_TASK DIRECTIONS_
Look through the listing below for the line containing "If no local". Copy it and each line after it up to and including the line containing "2017年6月比达咨询数据,优酷用户存在着较高的粘性", exactly, leaving out pictures.

BEGIN MATERIALS PROVIDED

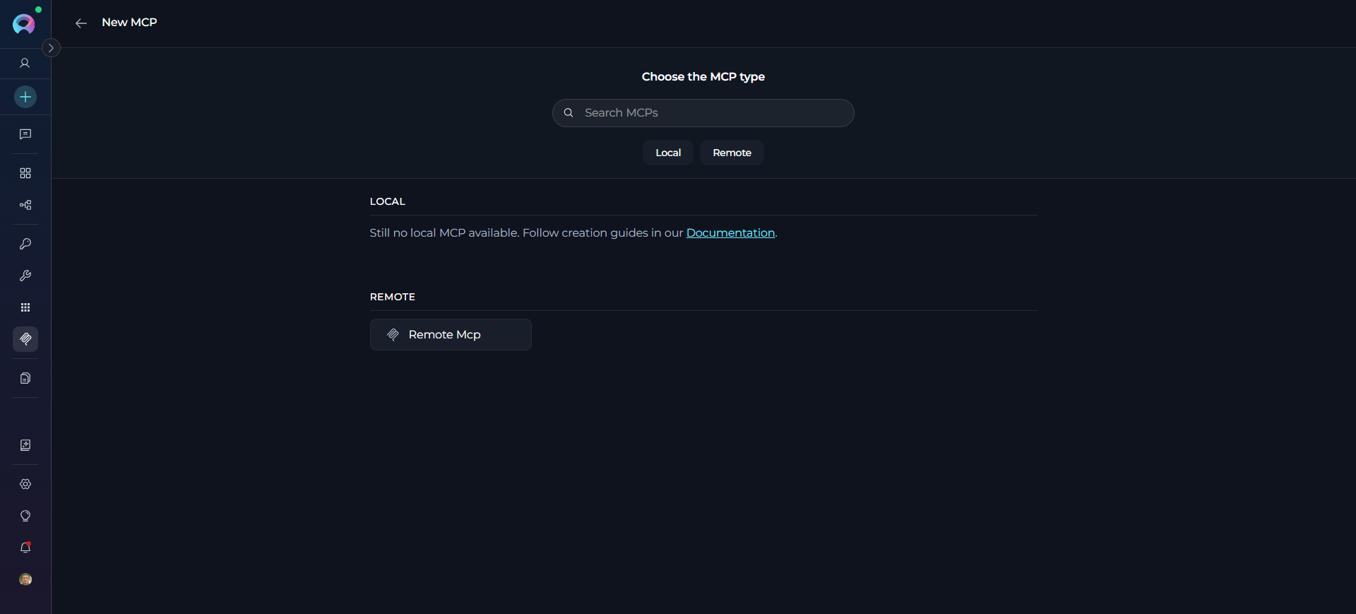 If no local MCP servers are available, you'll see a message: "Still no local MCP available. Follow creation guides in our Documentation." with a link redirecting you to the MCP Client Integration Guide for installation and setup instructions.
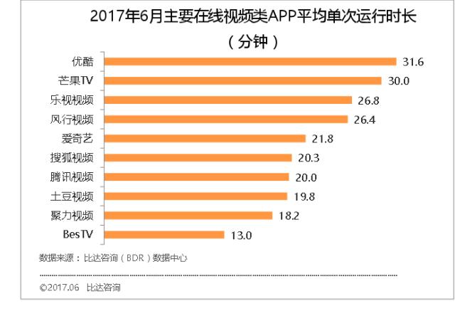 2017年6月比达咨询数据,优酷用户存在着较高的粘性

END MATERIALS PROVIDED
BEGIN MATERIALS PROVIDED

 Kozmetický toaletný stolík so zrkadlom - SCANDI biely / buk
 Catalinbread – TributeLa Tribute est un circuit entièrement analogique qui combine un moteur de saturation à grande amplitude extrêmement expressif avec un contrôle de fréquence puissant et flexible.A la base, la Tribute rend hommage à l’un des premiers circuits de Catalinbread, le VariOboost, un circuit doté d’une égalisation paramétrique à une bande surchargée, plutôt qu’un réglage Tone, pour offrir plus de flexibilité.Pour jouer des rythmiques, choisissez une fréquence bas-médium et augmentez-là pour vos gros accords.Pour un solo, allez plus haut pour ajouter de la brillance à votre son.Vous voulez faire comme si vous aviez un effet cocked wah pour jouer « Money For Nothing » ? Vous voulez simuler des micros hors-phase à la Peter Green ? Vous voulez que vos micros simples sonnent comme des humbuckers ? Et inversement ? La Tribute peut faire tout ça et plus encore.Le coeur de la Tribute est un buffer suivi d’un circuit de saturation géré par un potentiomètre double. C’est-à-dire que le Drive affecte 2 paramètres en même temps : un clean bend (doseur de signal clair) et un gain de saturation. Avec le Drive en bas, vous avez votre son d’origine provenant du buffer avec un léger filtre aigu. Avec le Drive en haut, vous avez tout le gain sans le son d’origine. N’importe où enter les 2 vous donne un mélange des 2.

END MATERIALS PROVIDED
BEGIN MATERIALS PROVIDED

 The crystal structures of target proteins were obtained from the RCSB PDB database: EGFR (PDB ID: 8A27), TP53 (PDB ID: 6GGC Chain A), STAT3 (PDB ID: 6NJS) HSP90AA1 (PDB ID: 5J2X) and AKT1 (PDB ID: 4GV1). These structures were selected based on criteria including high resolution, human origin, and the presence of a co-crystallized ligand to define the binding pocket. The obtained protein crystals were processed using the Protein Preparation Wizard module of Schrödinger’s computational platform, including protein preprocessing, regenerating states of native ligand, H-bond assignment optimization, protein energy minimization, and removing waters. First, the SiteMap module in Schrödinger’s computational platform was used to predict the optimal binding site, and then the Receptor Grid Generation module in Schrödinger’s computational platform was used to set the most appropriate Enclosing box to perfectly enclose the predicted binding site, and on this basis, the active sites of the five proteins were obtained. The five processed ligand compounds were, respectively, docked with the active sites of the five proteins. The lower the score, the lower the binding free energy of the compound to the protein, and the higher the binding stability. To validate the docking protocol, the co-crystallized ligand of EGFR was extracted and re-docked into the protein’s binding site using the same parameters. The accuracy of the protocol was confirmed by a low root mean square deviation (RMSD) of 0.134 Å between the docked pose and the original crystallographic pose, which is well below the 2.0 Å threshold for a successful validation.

END MATERIALS PROVIDED

_RESPONSE_
 If no local MCP servers are available, you'll see a message: "Still no local MCP available. Follow creation guides in our Documentation." with a link redirecting you to the MCP Client Integration Guide for installation and setup instructions.
 2017年6月比达咨询数据,优酷用户存在着较高的粘性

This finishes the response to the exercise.